• [What you need to do]: Take the data below and copy exactly the lines starting at the one with "2011-2015年中國游戲用戶規模和增長率" and finishing at the one with "The Penguin Pool", both included.

(Entries shown begins)

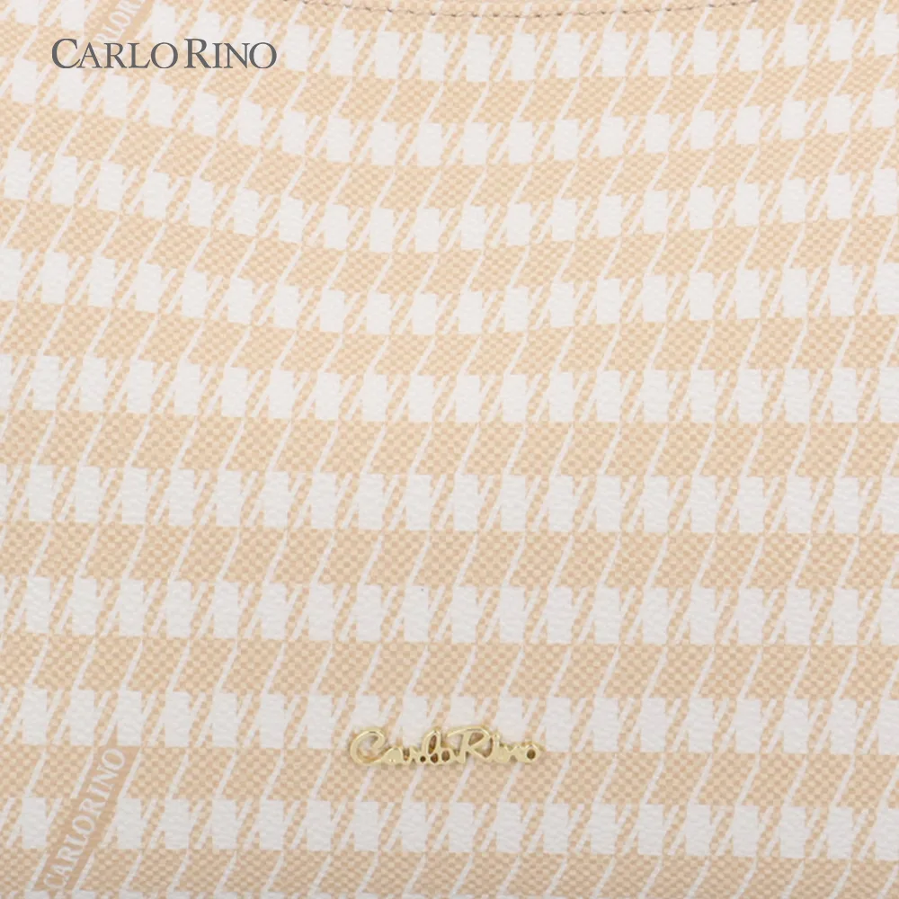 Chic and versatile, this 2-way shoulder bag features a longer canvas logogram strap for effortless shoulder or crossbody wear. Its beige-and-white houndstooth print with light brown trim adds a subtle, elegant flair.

(Entries shown ends)
(Entries shown begins)

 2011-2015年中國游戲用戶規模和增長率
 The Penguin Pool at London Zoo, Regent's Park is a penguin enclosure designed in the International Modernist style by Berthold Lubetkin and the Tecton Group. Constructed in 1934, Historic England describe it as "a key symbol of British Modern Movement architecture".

(Entries shown ends)
(Entries shown begins)

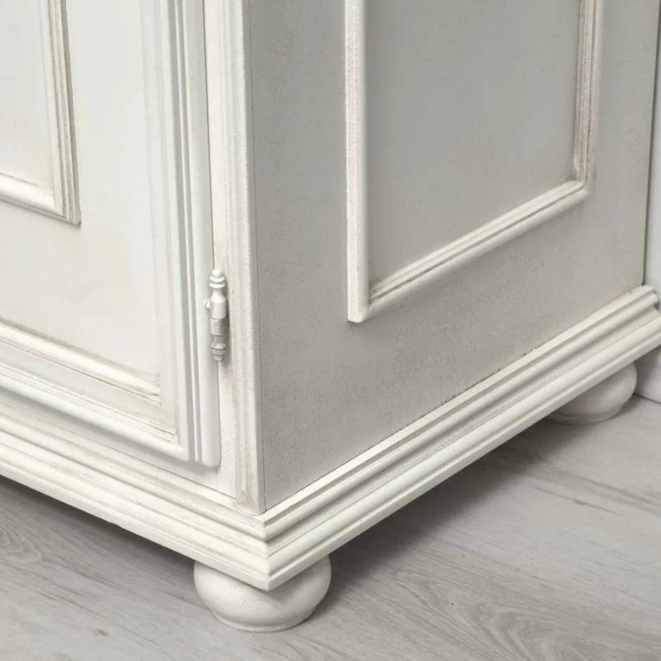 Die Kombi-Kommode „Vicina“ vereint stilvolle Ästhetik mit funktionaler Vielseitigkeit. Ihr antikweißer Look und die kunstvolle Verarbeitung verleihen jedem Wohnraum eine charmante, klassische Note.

(Entries shown ends)

• [Answer to the problem]:
 2011-2015年中國游戲用戶規模和增長率
 The Penguin Pool at London Zoo, Regent's Park is a penguin enclosure designed in the International Modernist style by Berthold Lubetkin and the Tecton Group. Constructed in 1934, Historic England describe it as "a key symbol of British Modern Movement architecture".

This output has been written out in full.